Our study examined whether there is an optimal treatment sequence of carboplatin-containing chemotherapy and PD-1/L1 inhibitors in patients with mUC as first and second line treatment, by examining the conditional survival of patients who have received both classes of agents. Cisplatin-eligible patients were excluded since there is currently no approved indication to use PD1/L1 inhibitors in patients with mUC who are fit to receive cisplatin-containing chemotherapy. We examined OS from the landmark of initiation of second-line therapy, given that inclusion for the study was conditional on receiving both lines of therapy.

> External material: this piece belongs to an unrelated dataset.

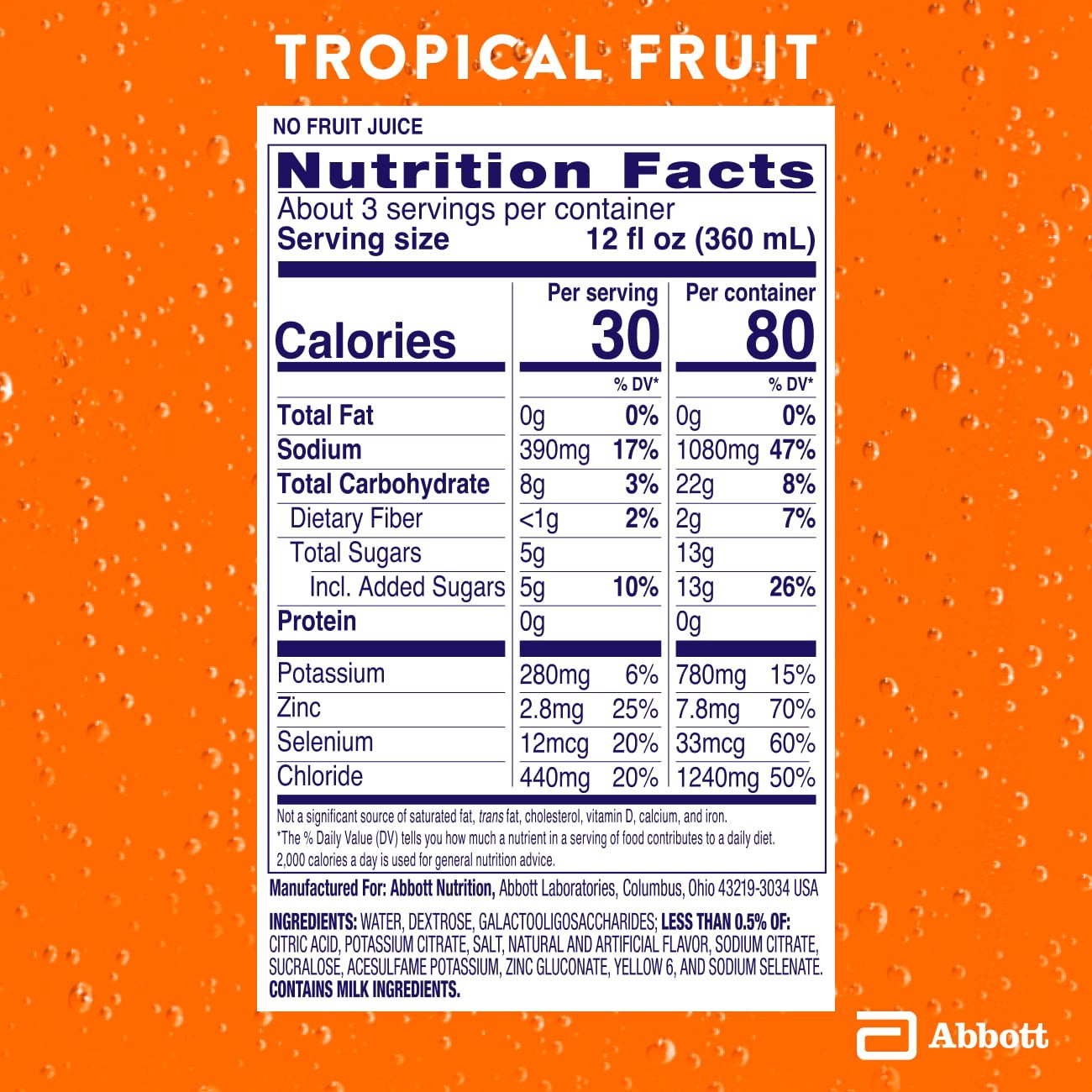 Water, Dextrose, Galactooligosaccharides. Less than 0.5% of: Citric Acid, Potassium Citrate, Salt, Natural and Artificial Flavor, Sodium Citrate, Sucralose, Acesulfame Potassium, Zinc Gluconate, Yello…
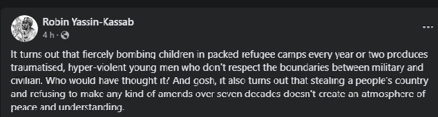 (* For “stealing a people’s country” read the ethnic cleansing of Palestine.)

While no significant difference in OS based on treatment sequencing was observed on multivariate analysis, insights can be glimpsed from these results. In an era where there is at times untampered enthusiasm for immunotherapy, this real world dataset can be sobering. The ORR of PD-1/L1 inhibitors ranged from 9–20%, and ORR from traditional carboplatin-based chemotherapy is 2.5 times higher. Consistent with our results, there is retrospective data showing notable ORR to 2L platinum-containing chemotherapy after 1L anti-PD1/L1 immunotherapy.¹⁷ The ORR observed with first-line PD-1/L1 inhibitors (9.3%) was lower than anticipated in previously reported phase II trials (23–29%) ^{9, 10}. This may reflect our real-world patient population as well as patient selection criteria with the requirement to have received both PD1/L1 inhibitor and carboplatin-based chemotherapy. Patients who enjoyed durable remissions with first-line PD1/L1 inhibitors may be poorly represented in our population since they may not have required second-line treatment during the period when data were collected for this study. In addition, approximately 50% of patients in the real world have been reported to not receive second-line therapy, partly due to poor ECOG-PS and comorbidities.¹⁶

Our study is limited by its retrospective nature, moderate sample size, several selection and confounding biases, lack of central imaging review, and lack of biomarker analysis. Tumor PD-L1 status was unavailable for the majority of patients, as patients in this study were treated before the regulatory revision of first-line labels for pembrolizumab and atezolizumab in June 2018. Despite these limitations, this study contributes meaningful clinical data, and results can be useful to guide clinical decision making. Carboplatin-containing chemotherapy should remain a mainstay of care, particularly when higher response rates are desired, for example in patients with significant disease burden or symptomatic disease.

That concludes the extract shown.